### Supplied data
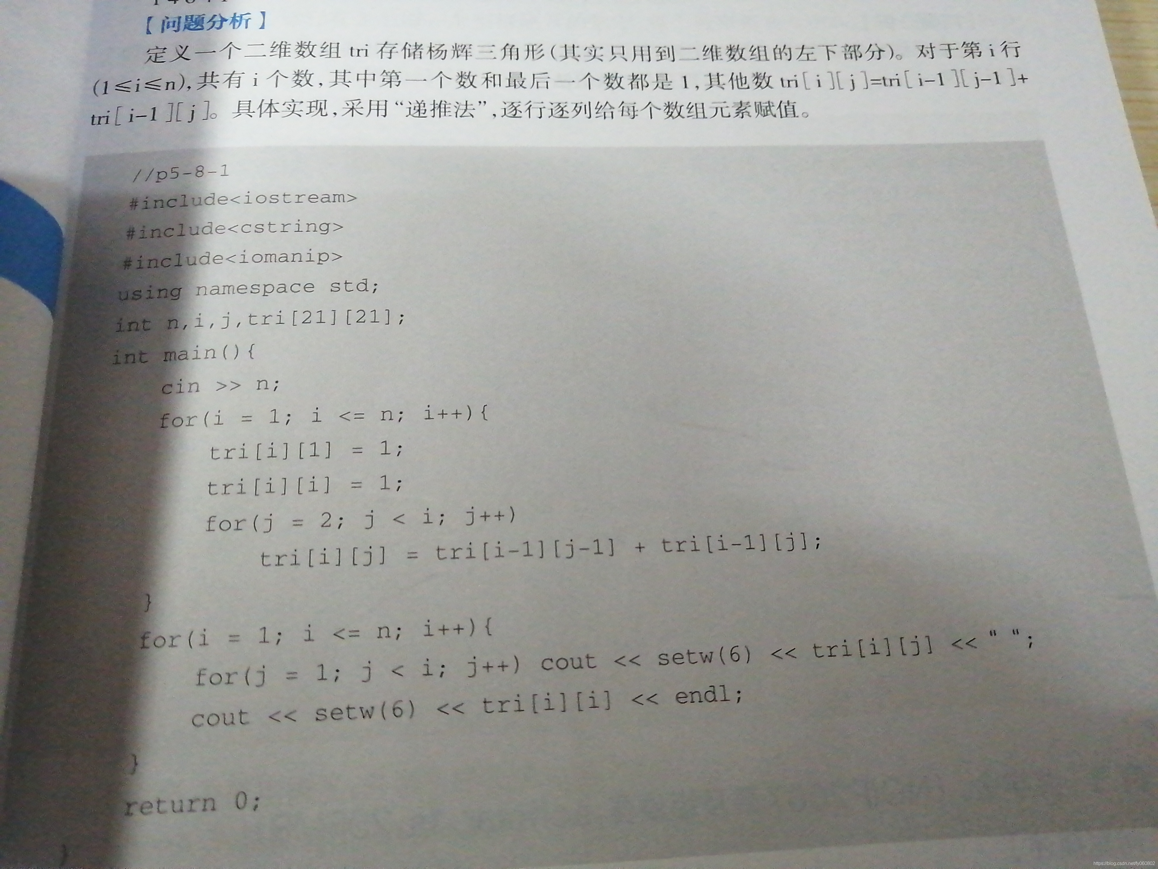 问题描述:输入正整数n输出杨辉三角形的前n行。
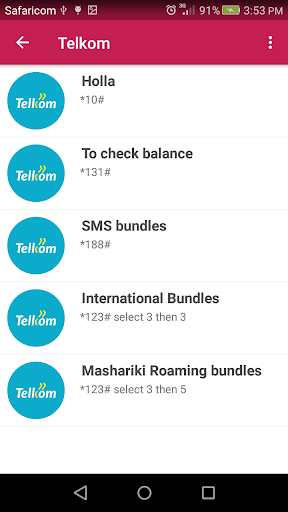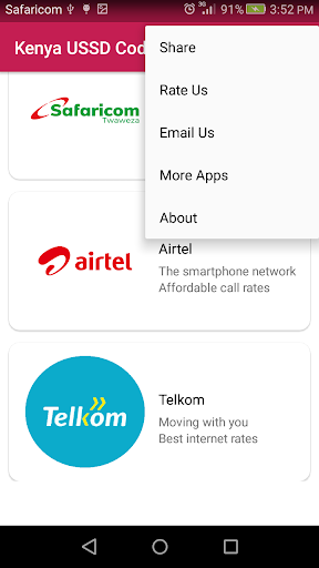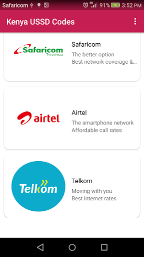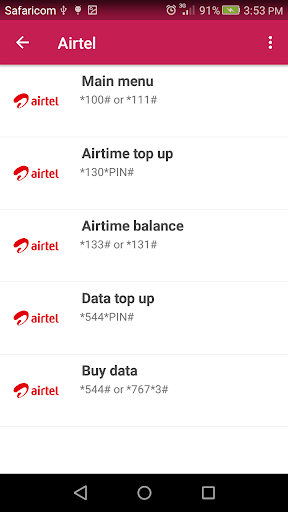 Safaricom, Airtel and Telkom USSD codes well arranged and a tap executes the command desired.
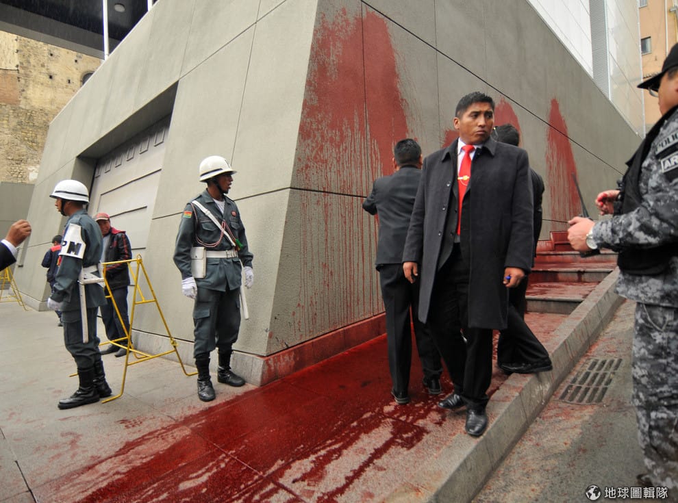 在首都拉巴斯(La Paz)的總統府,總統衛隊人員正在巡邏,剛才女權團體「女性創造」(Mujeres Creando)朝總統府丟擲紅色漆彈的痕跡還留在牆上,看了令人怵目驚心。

### Task directions
Could you copy the data above exactly, leaving the pictures out?

### Exercise answer
 问题描述:输入正整数n输出杨辉三角形的前n行。
 Safaricom, Airtel and Telkom USSD codes well arranged and a tap executes the command desired.
 在首都拉巴斯(La Paz)的總統府,總統衛隊人員正在巡邏,剛才女權團體「女性創造」(Mujeres Creando)朝總統府丟擲紅色漆彈的痕跡還留在牆上,看了令人怵目驚心。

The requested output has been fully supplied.